His company has over the eight years of its existence, cashed in on the “old crop”’ from coconut trees planted decades ago. Those old coconuts, which produce more fats, have become high in demand on the foreign market.
He complained that while his company is creating avenues for coconut farmers to benefit from their product, some exporters are supplying the very markets with bad nuts, creating a stain on Guyana’s coconut export industry.
And also with competition high on the market, the price has decreased over the years.
With higher demands from overseas buyers, he is seeking assistance from government to extend his business in ways in which Guyana would be able to meet a challenge, whereby he was given five to six years to show massive improvement in quantity of supplies.

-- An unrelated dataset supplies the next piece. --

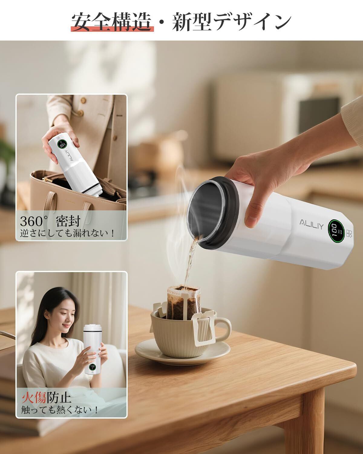 【3.0時代へ進化!小型電気ケトルで自由な水生活を】個人向け・専用のALILIY ポータブル電気ケトル。日常生活に適切な水分補給は体の調子を整え、集中力を高め、健康的な生活を支えてくれます。1.0時代の家庭用電気ケトルは自宅のみで使用、持ち運びに不便。また2.0時代のワンタッチ式小型ケトルは小型で便利ですが、水を100℃だけ沸騰させて、温度調節ができません。今度3.0時代スマート携帯電気ケトルは利用し、個人向けの水生活を楽しもう!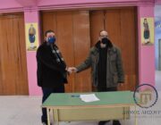 Ο Προϊστάμενος της Διεύθυνσης Κατασκευών των ΚΤΥΠ ΑΕ κ.Τσαγκάρης και οι επιβλέποντες μηχανικοί του έργου κ.Αγελαδάς και Στραβοδήμος , ο εργολάβος του έργου κ.Παρμάγκος και ο Δήμαρχος κ.Κατσιβέλης υπέγραψαν το πρωτόκολλο διοικητικής παραλαβής και πλέον απομένουν μόνο κάποιες μικροεργασίες στο κομμάτι του εξοπλισμού και στην καθαριότητα προκειμένου να γίνει η μεταφορά του σχολείου από τα προκάτ κάτι που εάν ο καιρός το επιτρέψει θα πραγματοποιηθεί το επόμενο δεκαήμερο.

Additional products this year include the production of virgin coconut oils, frozen coconuts, and coconut water.
He said his company is also preparing to venture into the export of frozen papaya and passion fruit, since major overseas buyers have expressed an interest. He is therefore encouraging farmers to plant more of the fruits so that they too can benefit.

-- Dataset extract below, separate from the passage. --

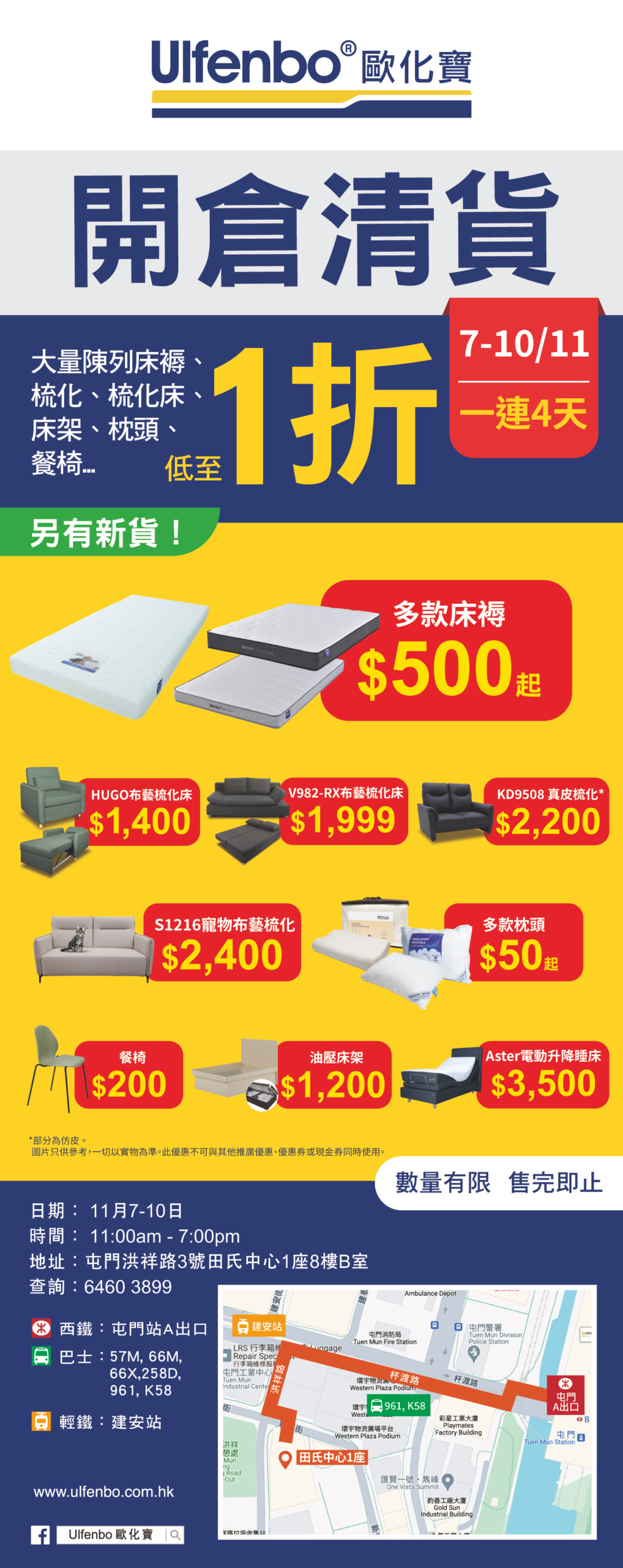 大量陳列梳化、梳化床、床褥、床架、枕頭、餐椅等低至1折發售!

“My goal is to help the agriculture sector, because I came from a farming background. We want to encourage farmers.
“Guyana is a poor country [and] farmers may go for a dollar more from foreign exporters, but think about the long-run and export good quality, so that more products will be demanded from Guyana.”
As a boy, Shivmangal worked on his family’s rice farm in Berbice and worked as a cane-cutter before he migrated to the United States in 1984. After several visits home, he observed coconut being wasted, even in his home-county, Berbice.
“We call something Pompey nuts. When the coconut begins to grow, “pompey nut” is the nut that buss eye and grow [and] when you cut it there is something inside and what the inside is, you could eat it – something we call “pompey” [some call it kaja].
“I saw that was throwing away all over the place, because the coconut is not being used. I thought that there was a dire need for a market for this coconut…so I went out to different companies [in North America] to acquire markets.”
He said he began buying coconuts from The Pomeroon in Region Two and while the quality of the nuts could not meet demanded standards, his company, with the help of its overseas partners, assisted the farmers in supplying what was needed to improve the quality of coconuts.
Compass International is also thankful to parent company Caribbean International Trading Company, for assisting them in becoming one of the major coconut export companies in Guyana.